Living in Harmony

The thing I liked best about living in the country was the continual accompaniment of the rhythms of the natural world. In early morning, before dawn, I would wake to the soft sounds of doves calling me out of sleep into a pearly light as ethereal as a feather. I would quietly make a cup of coffee and slip out the door to walk to the river.
Deer would come down to the river, delicate and alert, reverently bowing their heads to the water and drinking, stepping back quickly to look around at the slightest sound, then bowing to drink again, and then they would all together, as if on cue, rush suddenly away.
The great blue heron would appear, stately, staking out an auspicious place in the shallows to stand and peer for hours and then like a flash to dip and catch a wayward fish that had flickered into its pool, swallow it down, and solemnly return to motionless standing until it tired of that spot and, with a hideous squawk that sounded like it could have come from a prehistoric dinosaur, rise up on its magnificent 6-foot wide wingspan and swoop away down the river.
As the sun broke the horizon, the song birds would chime in. First the tentative calls and twits, then the full-throated operettas of those who were so disposed. For about an hour the resident bird population and those passing through put on the morning concerto as I put on the morning breakfast and began my work for the day. This was also the hour for the insects to appear, a fact I would be particularly aware of if my work for the day was in the garden, and the bird/insect feeding cycle would begin.
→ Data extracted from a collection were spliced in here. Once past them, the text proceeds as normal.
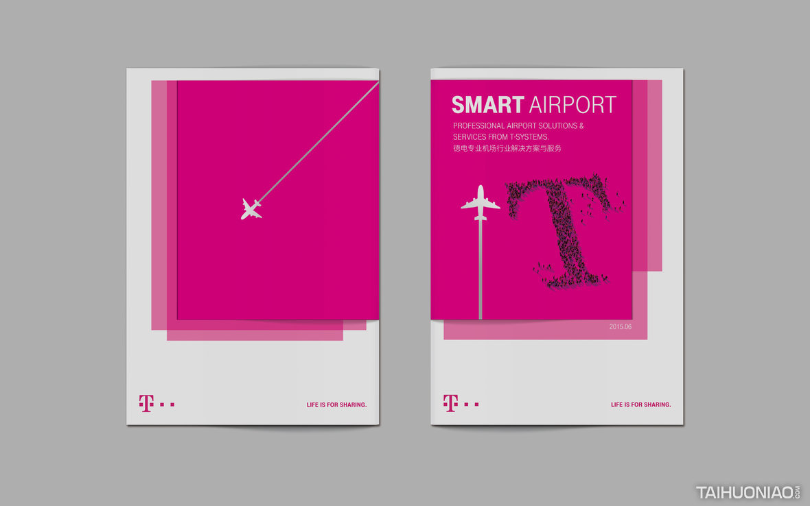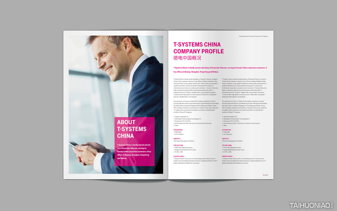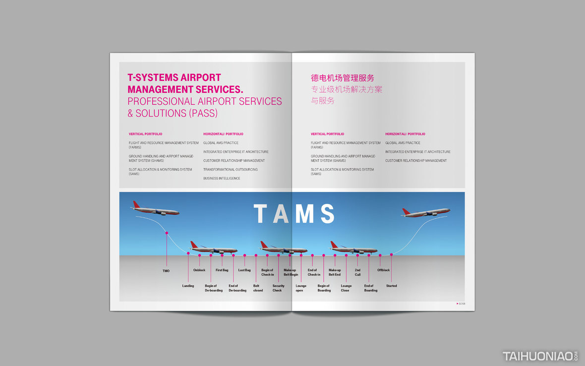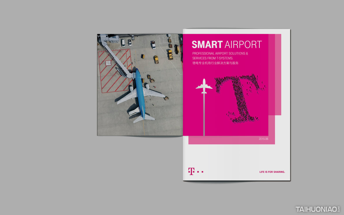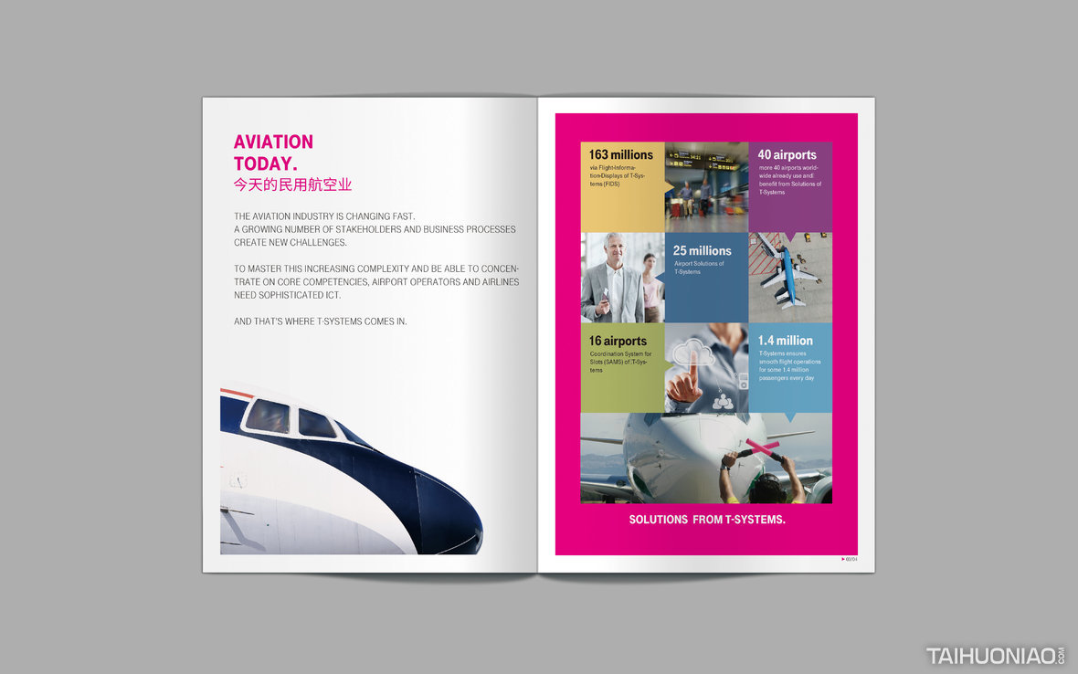 德国电信中国本土化传播 独特的双封面设计,将德电的视觉辅助图形通过三维的方式完美展现,同时增加与观者的互动,引起继续浏览的兴趣。德电全机场的管理与服务隐喻在封面与封底的 一升一降之中。
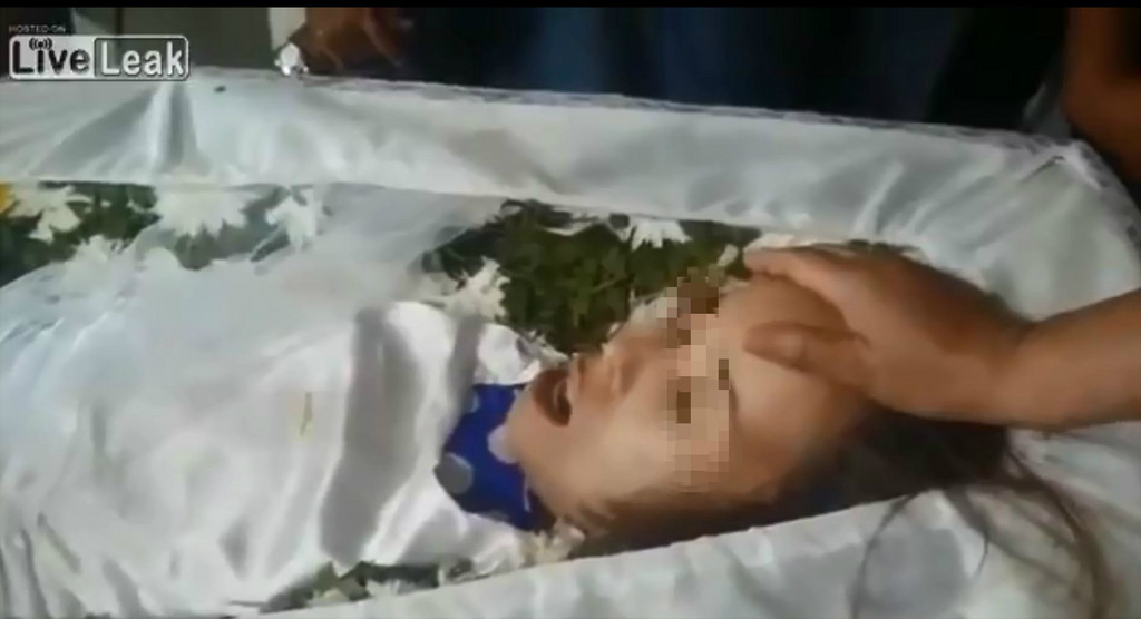 一名網友在影音平台《liveleak》PO出一段影片,畫面中只見白色棺材裡躺著一女童屍體,身上蓋著一件白絲質棉被,一旁隙縫則是塞滿著鮮花。親人則是圍繞在小妹妹身旁,其中一女子伸手摸著女童的額頭、臉頰,隨後再撫摸雙手;另一男子看見女童雙手顫抖後大叫,狂指著手叫旁人觀看,不敢相信眼前看前的影像。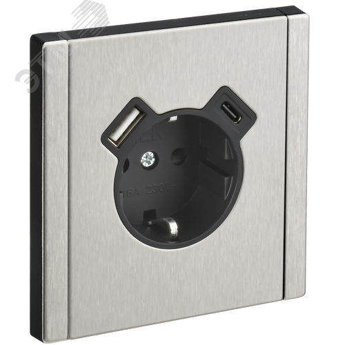 FORTE&PIANO Розетка 1-местная с заземлением с защитными шторками винтовое крепление 16А USB A+C 18Вт FP747M металл никель IEK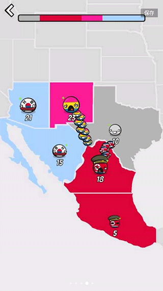 国家球战争是一款策略战争类游戏。在游戏中,玩家会遇到不同的国家势力,每个国家都拥有其独特的小球标志。玩家可以挑选不同的国家进行游戏。每个势力都有其独特的优势,玩家需要仔细观察战场布局,精心规划士兵的行进路线,尽可能多地占领区域,不断扩大自己的领土。当玩家成功占领所有敌方领土时,即可赢得该局游戏的胜利。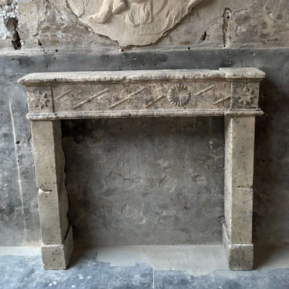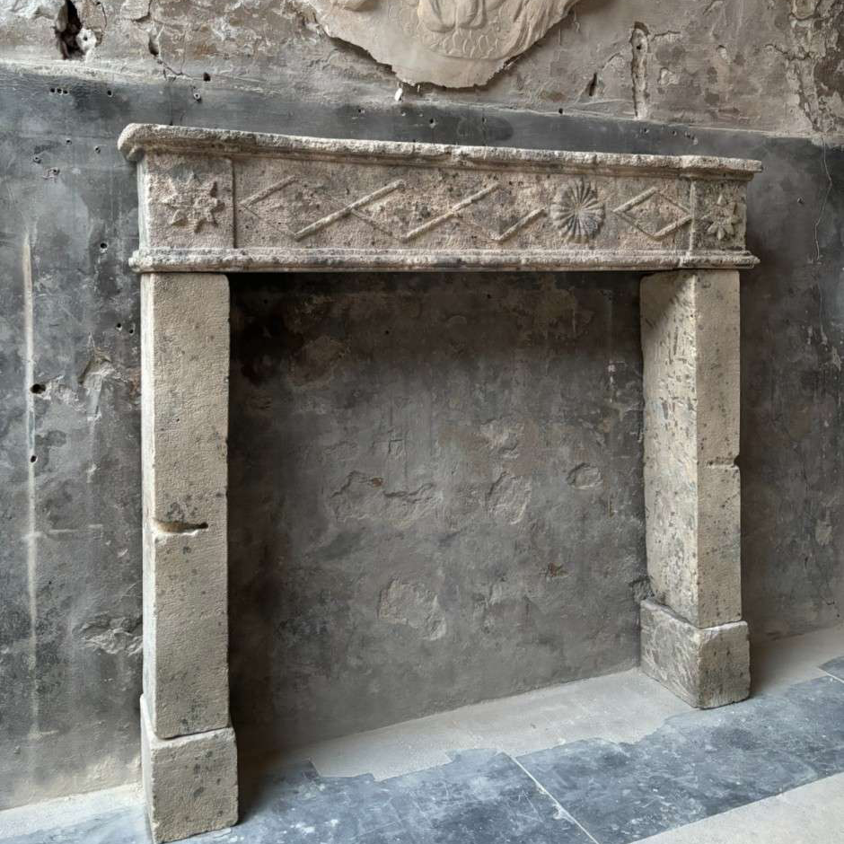 An 18th Century Italian stone fire surround with restored mantle. Overall width 140cm x overall height 128cm. Opening 107cm wide x 102cm tall. Depth of mantle 22cm. Delivery arranged at cost.

The red tailed hawks and vultures would appear later after the sun had been up for awhile, hitting the thermals for warm up rounds, getting ready for a day’s cruising for fresh meat or last night’s road kill. By noon only the buzzards would remain, the carnal garbage collectors, an ever present reminder of the nearness of death in paradise.
Late afternoon would bring cicadas, a signal to me to start winding down my day and think about dinner. On a good year, cicadas rock the woods. I love them. To my ears they are the string section just tuning up. After a rain they are joined by the syncopated percussion of the frogs and the persistent whine of mosquitos. Which drives us inside where we hear the persistent hum of fans.
Finally the twilight comes. Deer graze across the way on the far side of the pasture, watchful but at peace. The cicadas fade out, the air cools and a soft breeze comes up. Fireflies peek out here and there sending indecipherable messages as if a few stars had fallen and tried to speak. I look up in the clear summer sky, a carpet of diamonds unfolds. As above, so below.